Faz uma semana que ouvi de um grande amigo, que eu deveria sempre seguir meu coração em minhas escritas designadas para o teatro. Segundo ele, são nelas onde os artistas encontram acolhimento. Hoje posso dizer que não existe outro caminho para falar sobre a obra "Se Essa Lua Fosse Minha".
Nesse momento, eu gostaria que Dédalo fosse meu pai para ele engenhar as asas de Ícaro a fim de que eu pudesse voar ao encontro do céu. Essa obra intensificou em mim a vontade de viver. A forma que eles abordaram o amor foi uma das mais belas a que já assisti. Fiquei com vontade de me apaixonar, de amar alguém novamente, algo que pensava estar morto em mim…
Eu não sei se menciono o nome deles ou o trabalho que eles fizeram, porque confesso estar perdida de amor pelos artistas e também por cada personagem. Eles são intensos, absurdamente bons no que fazem, souberam proporcionar sonhos ao público.
Hoje, eu posso me vestir de Suassuna e mandar a Broadway para casa do caixa prego. Digo isso com muita certeza, não desmerecendo os artistas internacionais, mas com a convicção que, mesmo sem aporte financeiro, o teatro brasileiro prova que tem artistas do mais alto nível.
Eu não tenho religião, não frequento igrejas ou centros espirituais, mas tenho fé, que é algo intransferível e pessoal, que só diz a meu respeito. Raramente professo ela ao público e tampouco faço orações pedindo algo abraçada ao travesseiro em meio a madrugada. Mas confesso que, em meu coração, segue um desejo imenso que Ele, autor da minha fé, acolha esses artistas e abra todas as portas, porque vi em cada um deles grandeza vocal e corporal mais que necessária para executar uma montagem.
Eles são de São Paulo, são artistas independentes, e questiono: como essa obra ainda não tem patrocínio?
Isso me assusta e, ao mesmo tempo, me irrita. Ainda mais quando assisto peças patrocinadas que, francamente, ter ficado em casa teria sido a melhor opção.
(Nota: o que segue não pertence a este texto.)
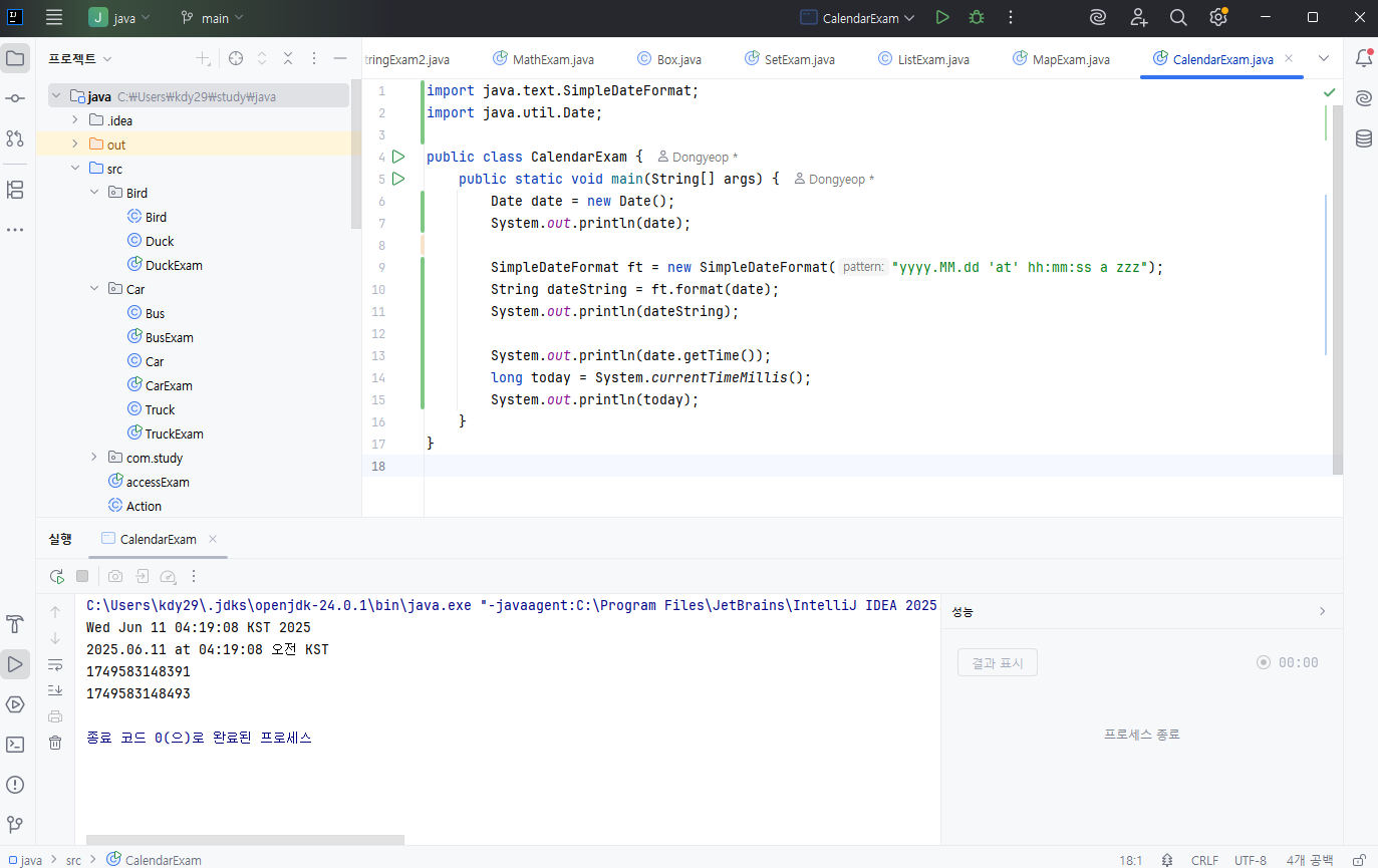 - SimpleDateFormat을 이용해서 Date가 출력하는 문자열 형태 변경

Há espetáculos que me fazem sentir uma capivara cultural, que por osmose mental apenas pisco os olhos, nada sinto e nada entendo, tampouco aprendo.
O teatro é feito de emoção, nos faz chorar, nos faz rir, nos faz aprender e nos ensina. Artistas são invasivos, mesmo sem querer. Muitas vezes comparo certas atuações como meteoros, que explodem, pegam fogo à nossa frente, e nos queimam. É o caso desse elenco, desse espetáculo.
Que me perdoem os intelectuais, mas textos cabeças demais, que não expressam o humano, me cansam. Tudo sem sentido é desinteressante, a meu ver.
O texto é do Vitor Rocha, um belíssimo dramaturgo da alma. Enquanto assistia à peça, pedi aos deuses do teatro que um dia, lá no futuro, meus sobrinhos tenham a oportunidade de assisti-la também.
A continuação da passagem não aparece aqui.